• Task statement: From the records below, output exactly the lines starting at the line with "What is the" and ending at the line with "乾徳山がある山梨県山梨市さん", both of them included, but no pictures.

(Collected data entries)
════════════════════
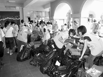在熱心志工的引導(dǎo)下,我們進(jìn)入旗山社會(huì)福利館。這兒似乎被一個(gè)社會(huì)團(tuán)體的志工包下了,統(tǒng)一的黃色馬甲顯得整齊,記者在人群中明顯不一樣。一間大房間作為庫(kù)房,不同的物資碼放整齊。更多的人忙著將一袋袋捐贈(zèng)衣物分門別類,新的舊的,長(zhǎng)的短的,厚的薄的,男的女的,然后消毒、打包、標(biāo)號(hào),送往災(zāi)民安置點(diǎn)。
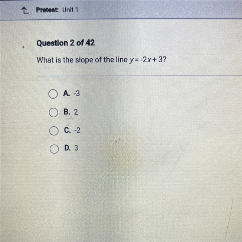 What is the slope of the line y=-2x+3? A. -3 OB. 2 C. -2 D. 3
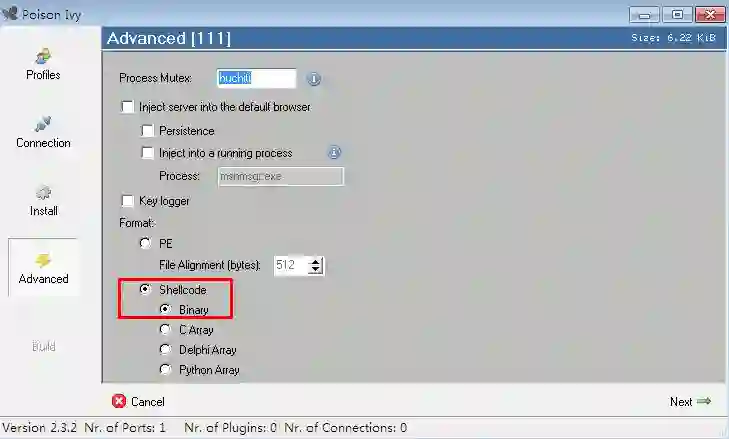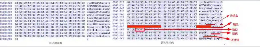 通过分析测试Poison Ivy木马生成的shellcode格式与该攻击载荷中使用的shellcode格式比较,得到每个配置字段在shellcode中的位置和含义。
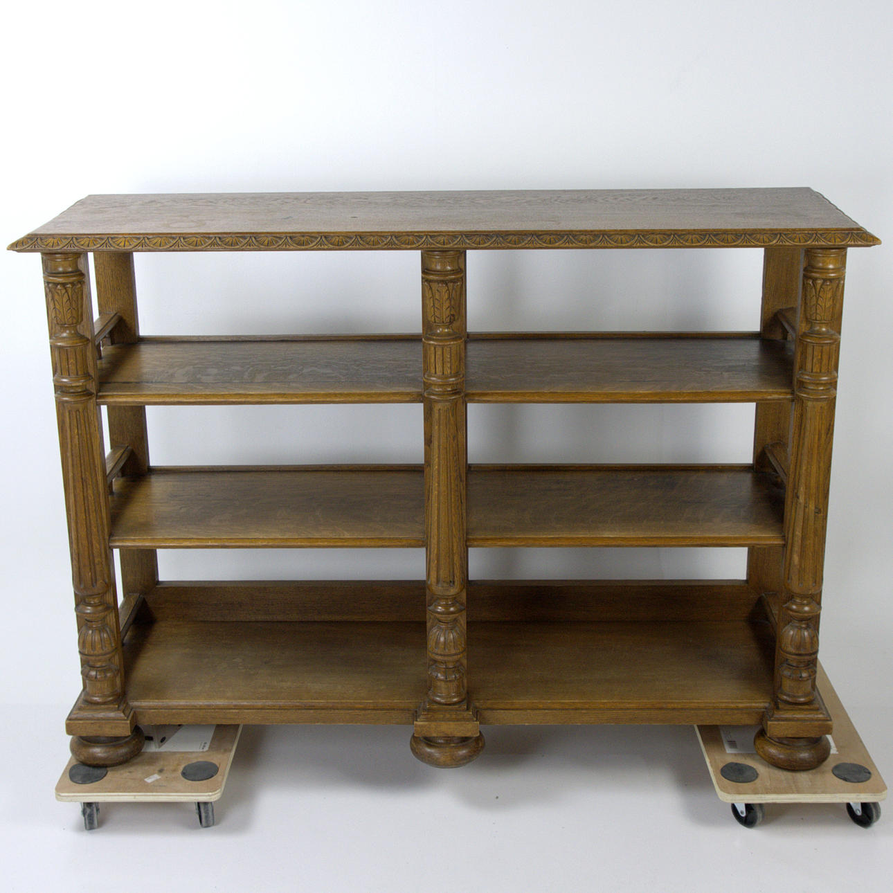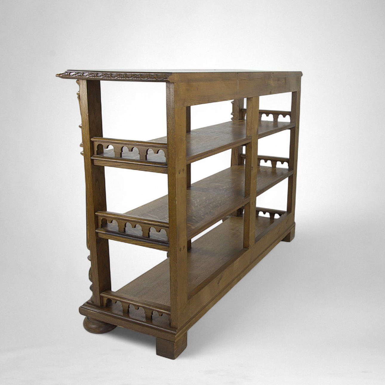 Length 139 cm, width 43 cm, height 97 cm. Two shelves. Open back.
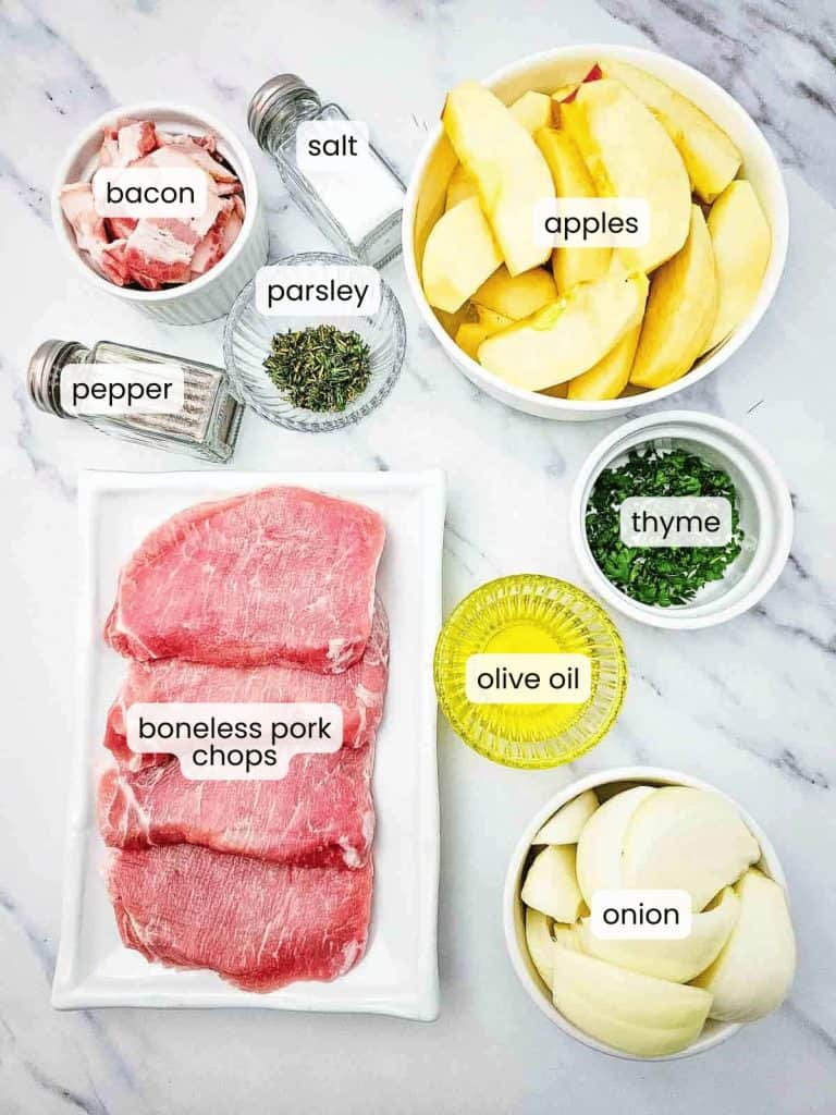 This skillet dinner brings together tender pork, soft roasted apples, and smoky bits of bacon. The sweet apples mellow in the heat, turning slightly caramelized, while the onions deepen in flavor.
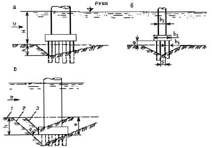 а и б - профиль и фасад опоры с плитойростверка выше дна русла после общего размыва; в - профиль опоры с плитой ростверка ниже дна русла:
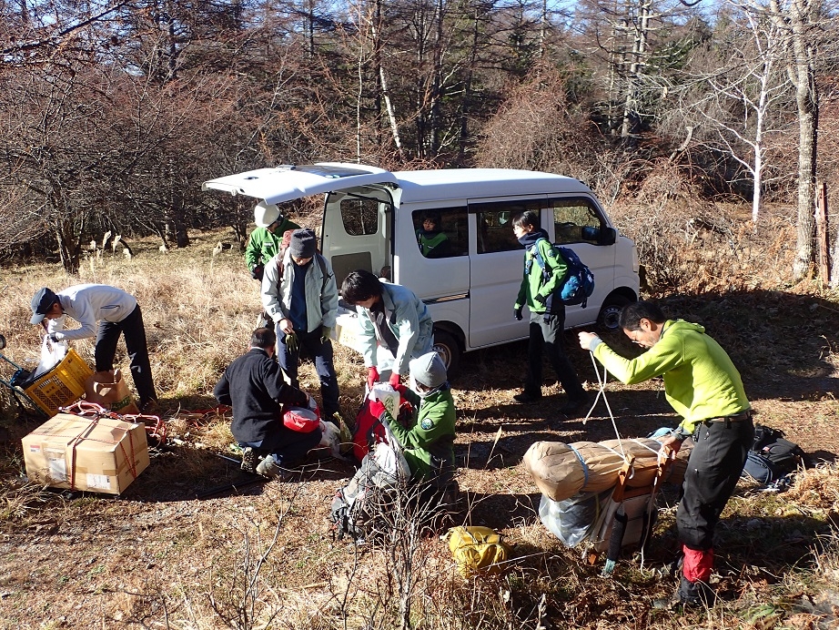 乾徳山がある山梨県山梨市さんには、毎回の作業時にご協力をいただき、資材の運搬、支柱・網の固定作業を始め多くの労力提供など、絶大な支援を受けまして順調な完了となりました。
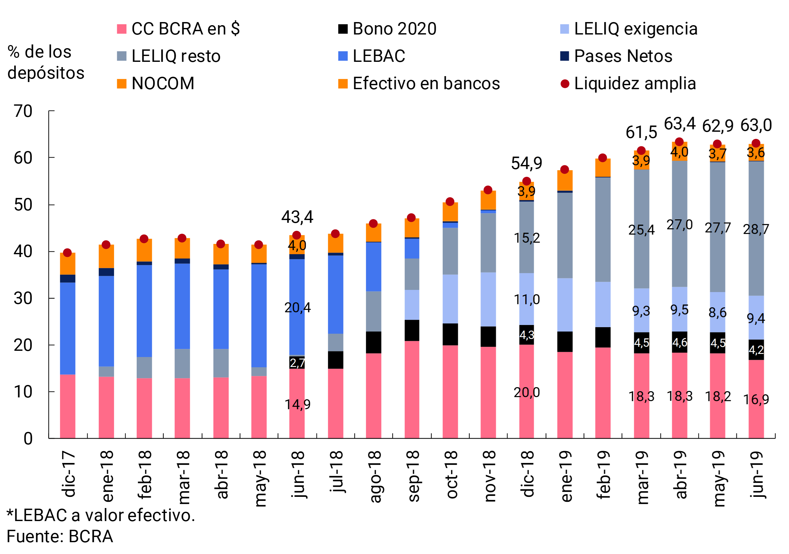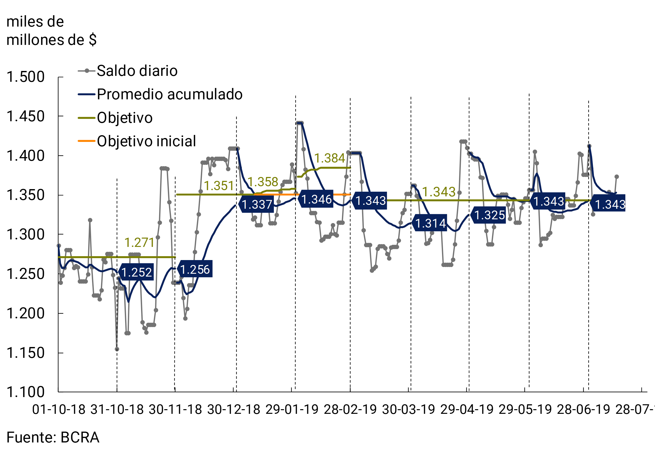 Complementariamente, y para contribuir también a fortalecer la transmisión de la tasa de interés de las LELIQ, se decidió reducir en 3 p.p. la exigencia de efectivo mínimo sobre depósitos a plazo fijo a partir de julio. Esto representa una reducción de la demanda de base monetaria por encajes de aproximadamente $45 mil millones que compensa la suba estacional de la demanda por circulante. Con el fin de no relajar la política monetaria, superado este fenómeno estacional, la meta de la base monetaria será reducida a partir de agosto hasta llegar a $1.298,2 mil millones en octubre, compensando totalmente el efecto de la baja de encajes.
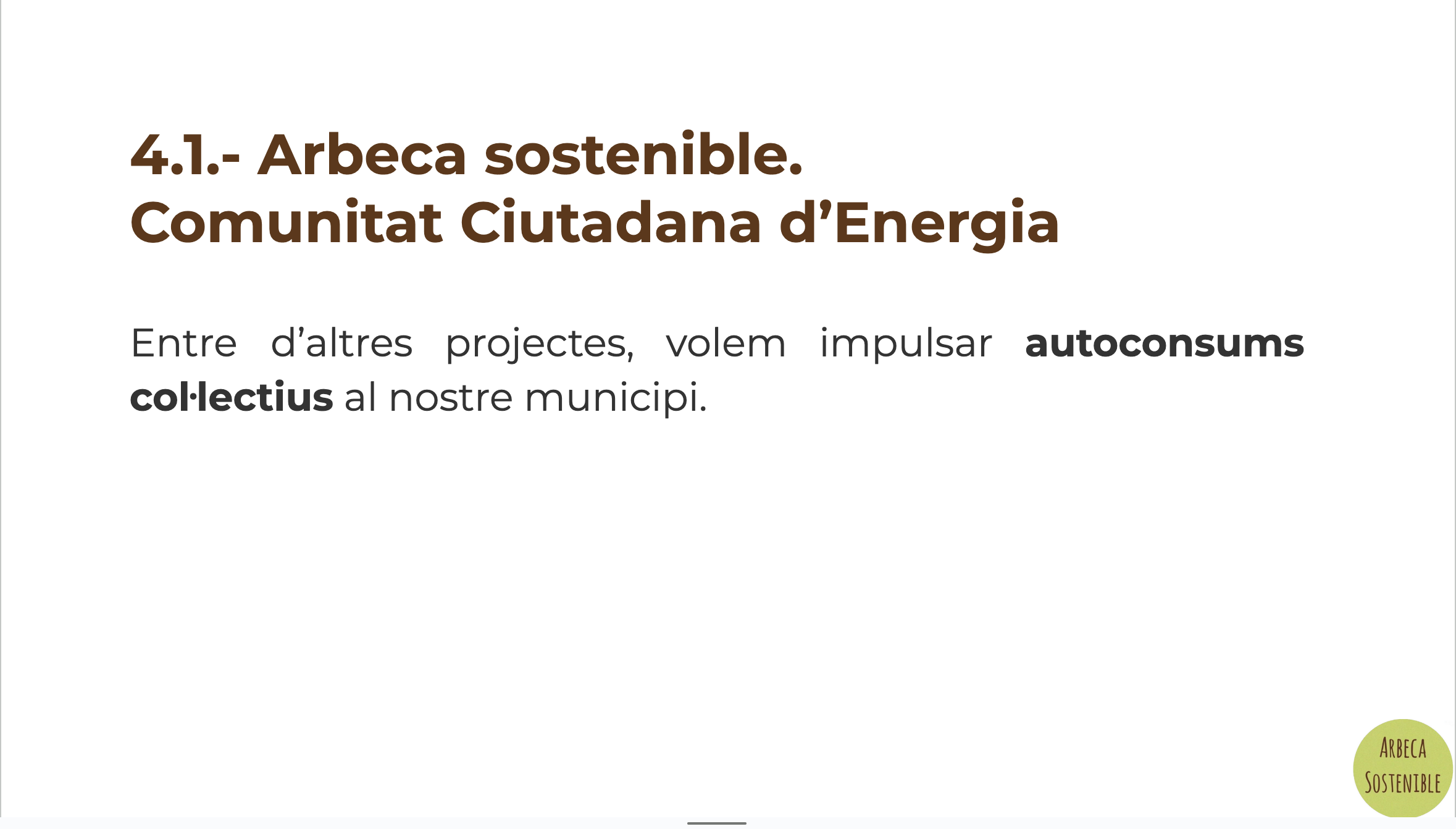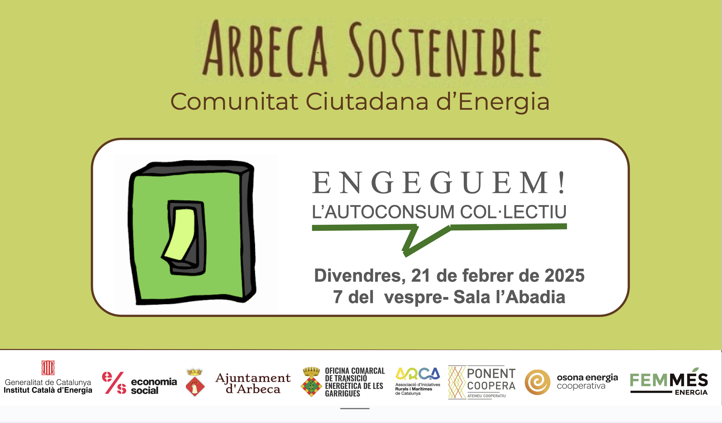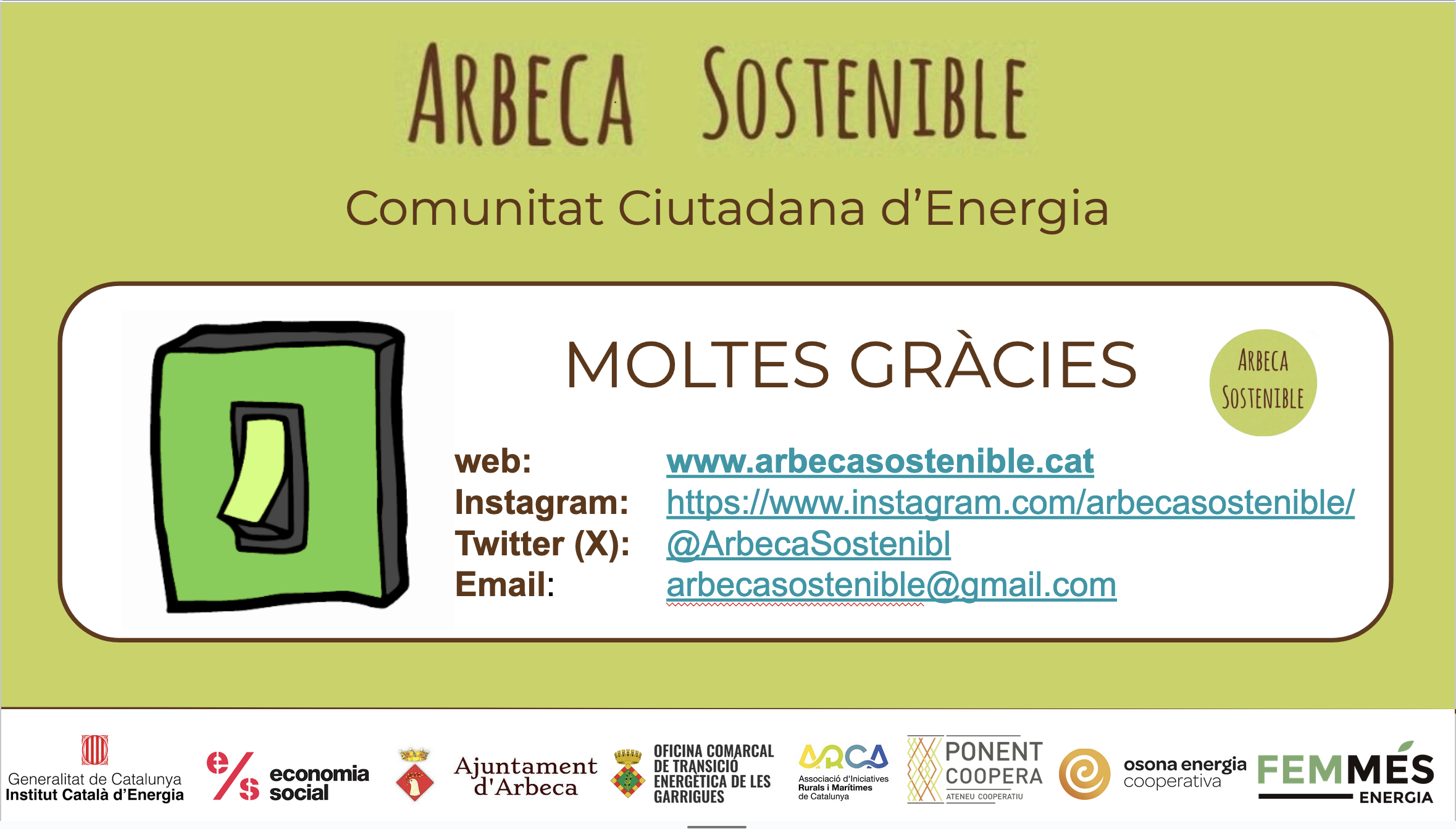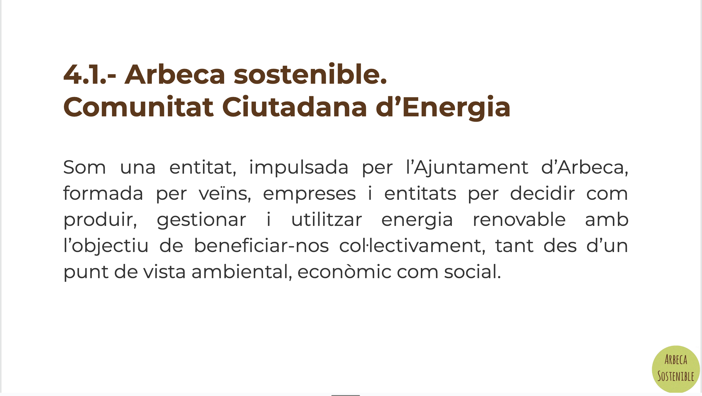 Som una comunitat ciutadana d'energia en forma de cooperativa que desenvolupa la seva activitat bàsicament a la vila d'Arbeca.
════════════════════
• Task response:
 What is the slope of the line y=-2x+3? A. -3 OB. 2 C. -2 D. 3
 通过分析测试Poison Ivy木马生成的shellcode格式与该攻击载荷中使用的shellcode格式比较,得到每个配置字段在shellcode中的位置和含义。
 Length 139 cm, width 43 cm, height 97 cm. Two shelves. Open back.
 This skillet dinner brings together tender pork, soft roasted apples, and smoky bits of bacon. The sweet apples mellow in the heat, turning slightly caramelized, while the onions deepen in flavor.
 а и б - профиль и фасад опоры с плитойростверка выше дна русла после общего размыва; в - профиль опоры с плитой ростверка ниже дна русла:
 乾徳山がある山梨県山梨市さんには、毎回の作業時にご協力をいただき、資材の運搬、支柱・網の固定作業を始め多くの労力提供など、絶大な支援を受けまして順調な完了となりました。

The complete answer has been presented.